To most people paleontology means dinosaur hunting. The grandness of their existence and the mystery surrounding their extinction have made them very popular. However, while dinosaurs and dinosaur hunting is definitely a part of what a paleontologist might do, there is much more to paleontology than just dinosaurs. In fact, paleontology isn't just the study of ancient forms of life. It is also a comparative science that explores and tries to map out how various life forms changed over the millions of years in between Earth's beginning and now, and how the plants and animals we have today are related to those ancient species.
If paleontology is the investigation of the history of life's development, then fossils are the road markers by which they plot their course. Fossils are defined as the remains or traces of plants and animals which before the beginning of the present geological era found their way into the earth and were preserved there. The fossilization of the remains was not common and could take place only under very specific conditions.

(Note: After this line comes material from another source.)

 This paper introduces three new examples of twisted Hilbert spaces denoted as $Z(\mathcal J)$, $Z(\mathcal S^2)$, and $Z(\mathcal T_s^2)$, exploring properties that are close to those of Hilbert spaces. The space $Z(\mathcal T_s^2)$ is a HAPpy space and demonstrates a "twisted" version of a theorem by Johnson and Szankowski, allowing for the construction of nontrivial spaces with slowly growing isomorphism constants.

Ordinarily, the normal process of decay would leave only the hard parts of the living thing, i.e., bones, teeth, and shell. In time, even these gradually disappear as nature and the process of disintegration continue its work.

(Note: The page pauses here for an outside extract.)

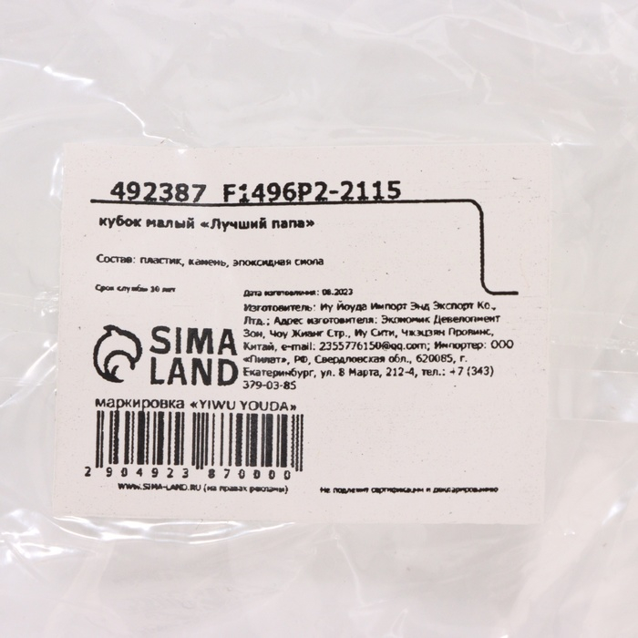Кубок «Лучший папа», наградная фигура, пластик, золото, 13 х 8 х 5 см.

Fossilization requires a quick burial of the living organism before the processes of decay begin. Once buried, the organism becomes completely mineralized or petrified. Carbonization, another process of preservation, is most common with plant matter and takes place solely under water without the presence of air. Other sources of fossilized material include, bugs and other arthropods that have been found encased in amber, skeletal remains from California La Brea tar pits, and whole specimens found frozen in tundra.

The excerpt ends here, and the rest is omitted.